• Definition
    • Grief is a reaction to a major loss of someone or something. It is most often an unhappy and painful emotion.

  • Alternative Names
    • Mourning; Grieving; Bereavement

  • Causes
    • Grief may be triggered by the death of a loved one. People also can experience grief if they have an illness for which there is no cure, or a chronic condition that affects their quality of life. The end of a significant relationship may also cause grieving.

      Everyone feels grief in their own way. But there are common stages to the process of mourning. It starts with recognizing a loss and continues until a person eventually accepts that loss.

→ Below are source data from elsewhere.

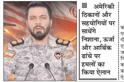
संभव कदम उठाएगा। ईरान ने सिर्फ अमेरिकी सैन्य ठिकानों ही नहीं, बल्कि उन देशों को भी चेतावनी दी है जो अपने यहां अमेरिकी सैन्य बेस को अनुमति देते हैं। प्रवक्ता ने कहा कि ऐसे देशों को अमेरिका को अपने क्षेत्र से बाहर करने के लिए कदम उठाने चाहिए, अन्यथा उन्हें भी इसका खामियाजा भुगतना पड़ सकता है। ईरानी सेना ने संकेत दिए हैं कि जवाबी कार्रवाई केवल सैन्य ठिकानों तक सीमित नहीं होगी। इसमें ऊर्जा संयंत्र, ईंधन केंद्र और आर्थिक ढांचे भी निशाने पर हो सकते हैं। बयान में कहा गया है कि यह कार्रवाई पहले से कहीं ज्यादा व्यापक और कठोर होगी। यह पूरा
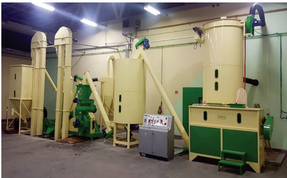
Slika 1. Postrojenje za proizvodnju agropeleta Figure 1 Facility for agro pellet production

odvija se u nekoliko faza: sušenje, sjeckanje, zbijanje, hlađenje, pakiranje i skladištenje (Debeljak, 2018.). Osušena slama u balama postavlja se u uređaj za usitnjavanje (sjekač), koji je prikazan na slici 2. Slama se usitnjava s tri noža do dužine od 5 do 6 cm. Noževi su raspoređeni na način da se dobiju kvalitetni i jednoliki oblici. Slama se nakon sječenja odvodi do mlina (Slika 3.) uz pomoć zračne struje. Mlin se sastoji od više izmjenjivih sita, a prilikom proizvodnje agropeleta na ovom gospodarstvu koriste sito promjera 7 mm. Kako bi se pojačala kalorijska vrijednost agropeleta, u mlin se dodaje lomljeno zrno kukuruza i ostaci nakon sušenja zrna. Ako je slama presušena, u mlin se dodaje oko pola litre vode kako bi se poboljšalo mljevenje i miješanje. Iz mlina, uz pomoć pužnog transportera, sojina slama i dodaci transportiraju se u kondicioner (Slika 4.a) uz koji se nalazi upravljačka ploča (Slika 4. b). Za uspješan proces potrebno je nekoliko puta ponoviti postupak mljevenja kako bi se dobila dovoljna količina potrebnog materijala za proizvodnju agropeleta.
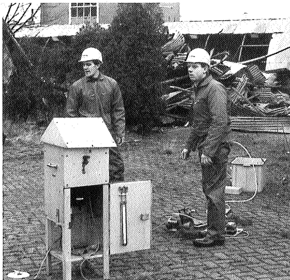
Stofmeting door Iwaco
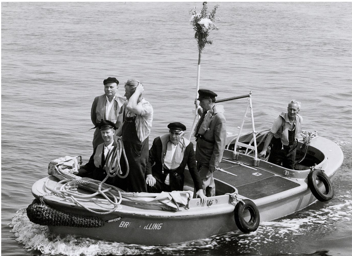
Letzte Ablösung auf dem Leuchtturm Hohe Weg 2.Juli 1973

So übergebe ich hiermit die Fernsteuerung der Seezeichen an der Außenweser dem Betrieb und erteile der Revierzentrale in Bremerhaven den Auftrag, die Leuchtfeuer einzuschalten.
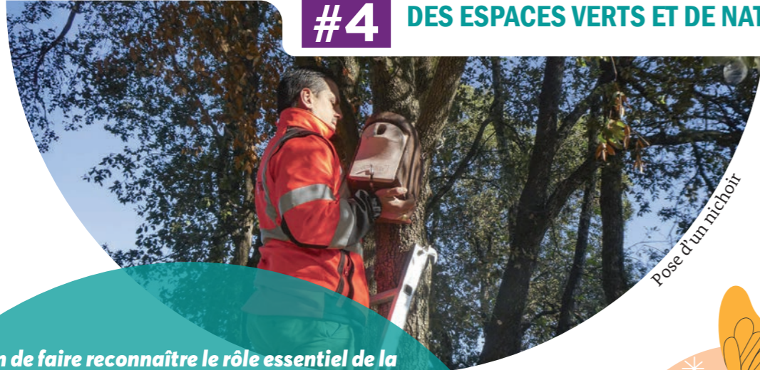
Pose d'un nichoir

Afin de faire reconnaître le rôle essentiel de la biodiversité ordinaire et de redonner toute sa place au vivant dans le tissu urbain, la CAPG déploie des dispositifs favorables à la nature à travers la mise en œuvre :
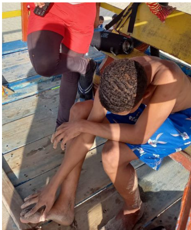
Al parecer, al joven le dio calambre en el mar y fue rescatado por seis de los miembros de Guajira Aventura.

Cabe mencionar que estos dos ladrones están señalados también de atracar a otro ciudadano al mediodía del sábado en un parqueadero de la calle 76 con 59.

      People's responses to grief will be different, depending on the circumstances of the death. For example, if the person who died had a chronic illness, the death may have been expected. The end of the person's suffering might even have come as a relief. If the death was accidental or violent, coming to a stage of acceptance might take longer.

  • Symptoms
    • One way to describe grief is in five stages. These reactions might not occur in a specific order, and can occur together. Not everyone experiences all of these emotions:

      • Denial, disbelief, numbness
      • Anger, blaming others
      • Bargaining (for instance, "If I am cured of this cancer, I will never smoke again.")
      • Depressed mood, sadness, and crying
      • Acceptance, coming to terms

      People who are grieving may have crying spells, trouble sleeping, and lack of productivity at work.

  • Exams and Tests
    • Your health care provider will perform a physical exam and ask about your symptoms, including your sleep and appetite. Symptoms that last for a while may lead to clinical depression.

  • Treatment
    • Family and friends can offer emotional support during the grieving process. Sometimes outside factors can affect the normal grieving process, and people might need help from:

      • Clergy
      • Mental health specialists
      • Social workers
      • Support groups

      The acute phase of grief often lasts up to 2 months. Milder symptoms may last for a year or longer. Psychological counseling may help a person who is unable to face the loss (absent grief reaction), or who has depression with grieving.

  • Support Groups
    • Joining a support group where members share common experiences and problems and help relieve the stress from grieving especially if you have lost a child or spouse.

  • Outlook (Prognosis)
    • It may take a year or longer to overcome strong feelings of grief and to accept the loss.

  • Possible Complications
    • Complications that may result from ongoing grief include:

      • Drug or alcohol use
      • Depression
  • When to Contact a Medical Professional
    • Call your provider if:

      • You can't deal with grief
      • You are using excessive amounts of drugs or alcohol
      • You become very depressed
      • You have long-term depression that interferes with your daily life
  • Prevention
    • Grief should not be prevented because it is a healthy response to loss. Instead, it should be respected. Those who are grieving should have support to help them through the process.

  • References
    • American Psychiatric Association. Diagnostic and Statistical Manual of Mental Disorders. 5th ed. Arlington, VA: American Psychiatric Publishing. 2013.

      Powell AD. Grief, bereavement, and adjustment disorders. In: Stern TA, Fava M, Wilens TE, Rosenbaum JF, eds. Massachusetts General Hospital Comprehensive Clinical Psychiatry. 2nd ed. Philadelphia, PA: Elsevier; 2016:chap 38.